##### Listed entries

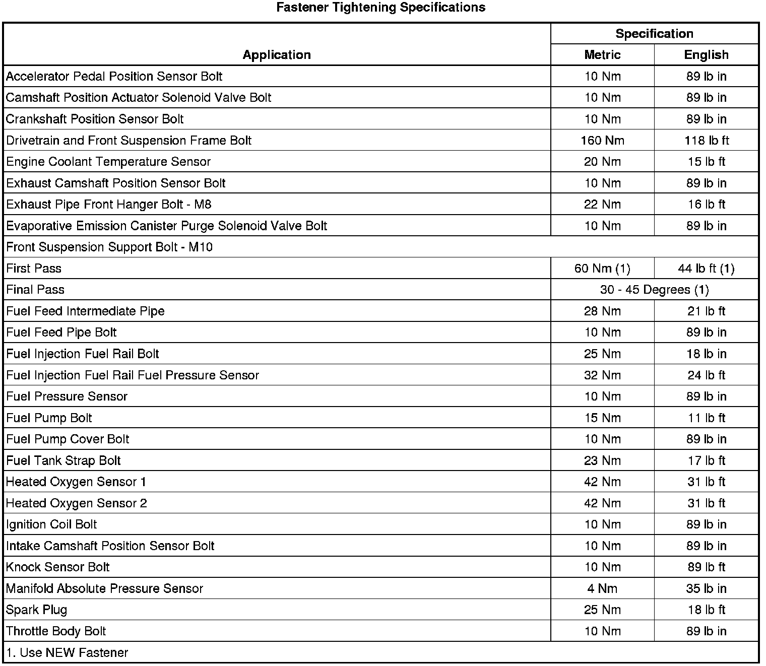 Fastener Tightening Specifications
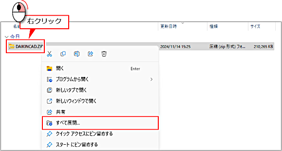 「DAIKINCAD.ZIP」ファイルを右クリックし、表示されたメニューから[すべて展開]をクリックします。
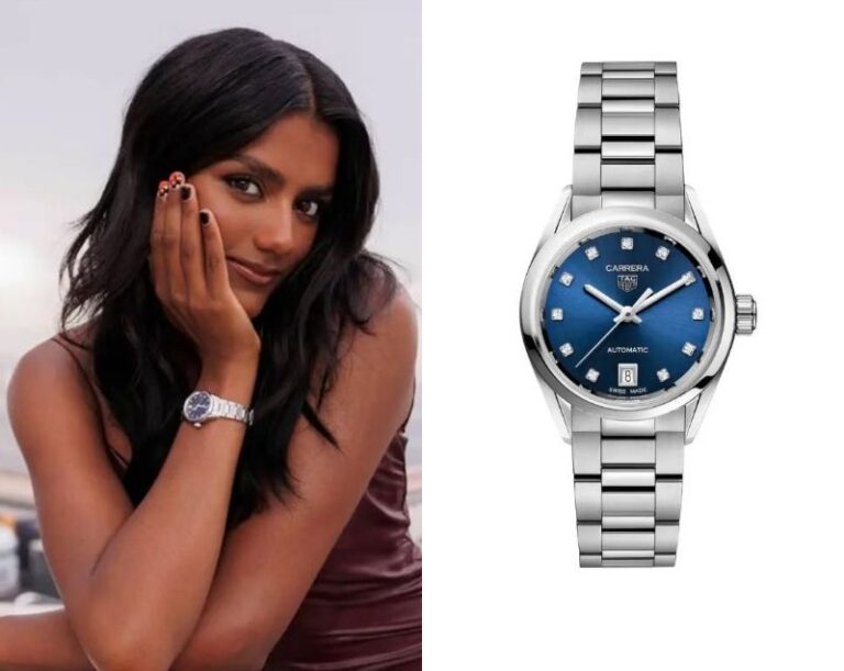 Simone Ashley, a British actress, wears an IWC Ingenieur Automatic 35 Ref. IW324903.
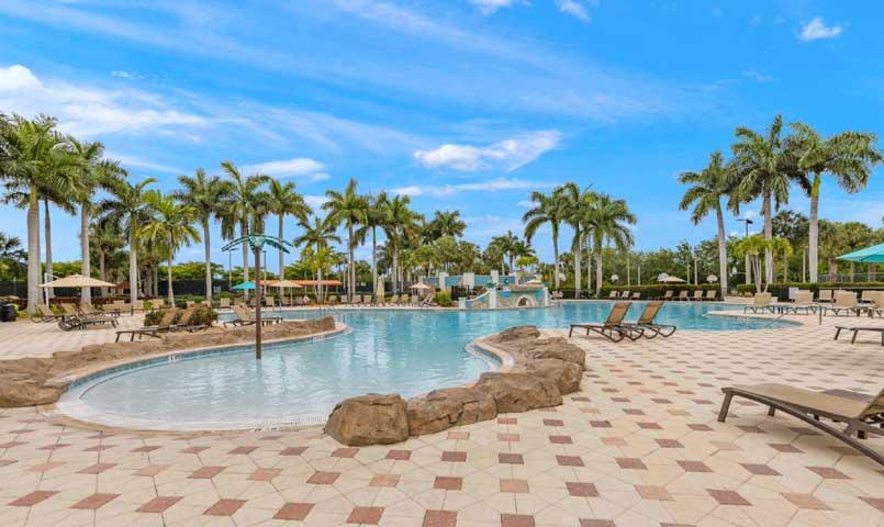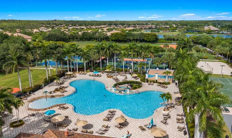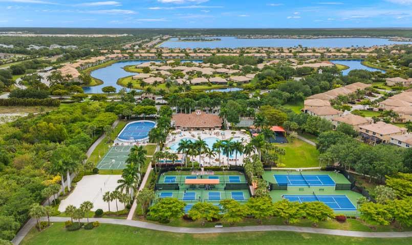 The centerpiece of Bella Terra is its 7,000-square-foot clubhouse, where residents gather for fitness, recreation, and community events. Amenities include a resort-style pool with spa and waterfall, tennis and pickleball courts, bocce, basketball, and multi-use sports fields. Families appreciate the playgrounds, inline skating rink, beach volleyball, and even a butterfly garden. With sidewalks throughout the community and abundant green space, Bella Terra encourages an active outdoor lifestyle. Its blend of natural preserves and well-planned amenities makes it a unique community in Southwest Florida.
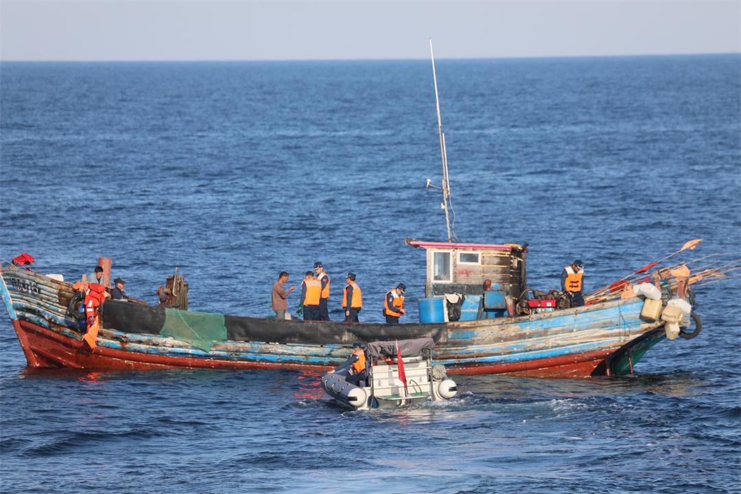 中國海警局直屬第六局瞭望艦憑借對海區(qū)態(tài)勢的了如指掌和艦艇的卓越性能,快速抵達目標(biāo)海域。艦載雷達與無人機回傳信息相互印證,僅用十多分鐘就迅速鎖定目標(biāo)。兩艘嫌疑船察覺海警艦艇逼近,如驚弓之鳥分頭逃竄。瞭望艦指揮員當(dāng)機立斷,憑借航速與操控優(yōu)勢,將其牢牢控制。執(zhí)法隊員果斷實施登臨檢查,第一時間掌控嫌疑漁船及人員。
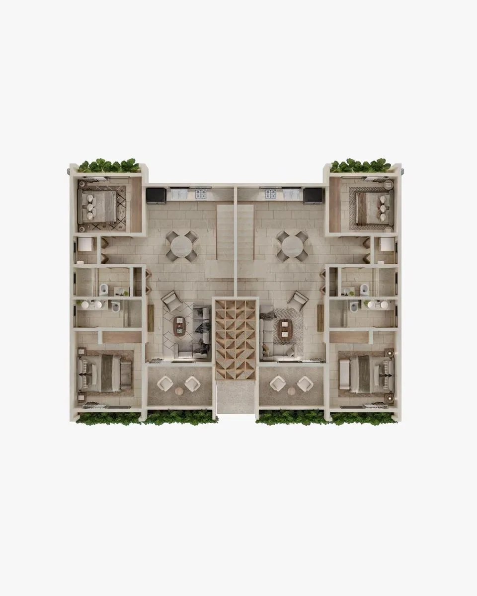 This house for sale in Tulum has a total size of 478. 8 square meters and features two bedrooms.
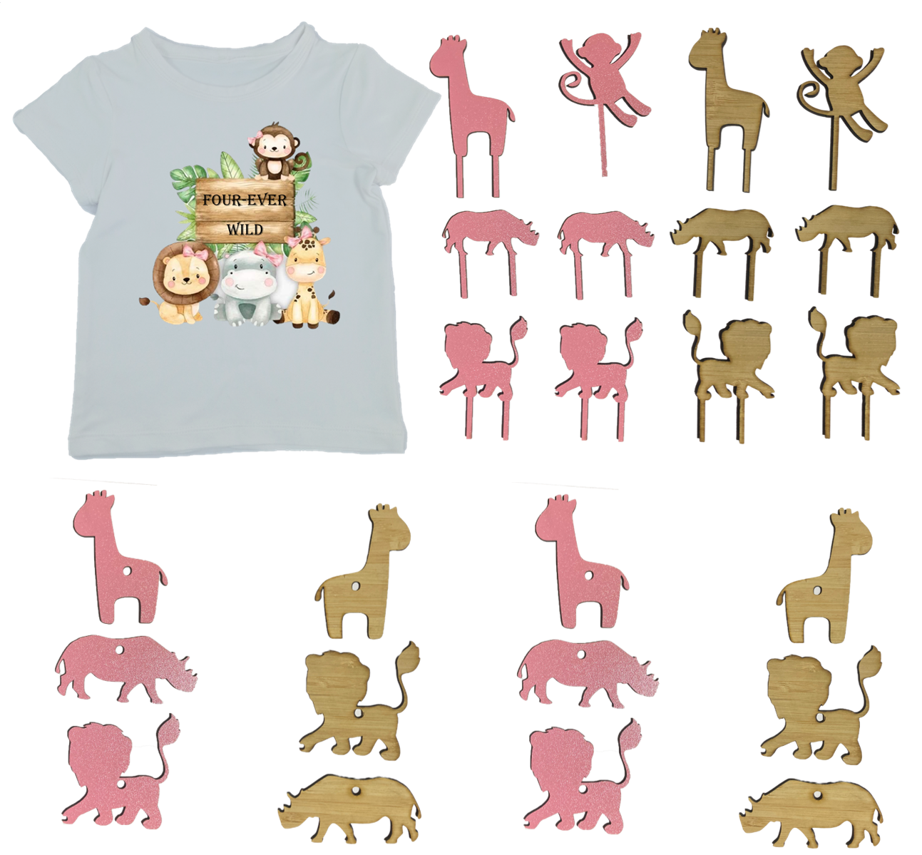 4th Birthday Combo| Shirt, Lollipop Holders & Cupcake Toppers | Four-Ever Wild

##########

# Problem statement:
Reproduce only the lines from the line with "Simone Ashley, a" to the end of the entries. Keep both ends, copy them exactly, and omit every picture.

# Answer for the task:
 Simone Ashley, a British actress, wears an IWC Ingenieur Automatic 35 Ref. IW324903.
 The centerpiece of Bella Terra is its 7,000-square-foot clubhouse, where residents gather for fitness, recreation, and community events. Amenities include a resort-style pool with spa and waterfall, tennis and pickleball courts, bocce, basketball, and multi-use sports fields. Families appreciate the playgrounds, inline skating rink, beach volleyball, and even a butterfly garden. With sidewalks throughout the community and abundant green space, Bella Terra encourages an active outdoor lifestyle. Its blend of natural preserves and well-planned amenities makes it a unique community in Southwest Florida.
 中國海警局直屬第六局瞭望艦憑借對海區(qū)態(tài)勢的了如指掌和艦艇的卓越性能,快速抵達目標(biāo)海域。艦載雷達與無人機回傳信息相互印證,僅用十多分鐘就迅速鎖定目標(biāo)。兩艘嫌疑船察覺海警艦艇逼近,如驚弓之鳥分頭逃竄。瞭望艦指揮員當(dāng)機立斷,憑借航速與操控優(yōu)勢,將其牢牢控制。執(zhí)法隊員果斷實施登臨檢查,第一時間掌控嫌疑漁船及人員。
 This house for sale in Tulum has a total size of 478. 8 square meters and features two bedrooms.
 4th Birthday Combo| Shirt, Lollipop Holders & Cupcake Toppers | Four-Ever Wild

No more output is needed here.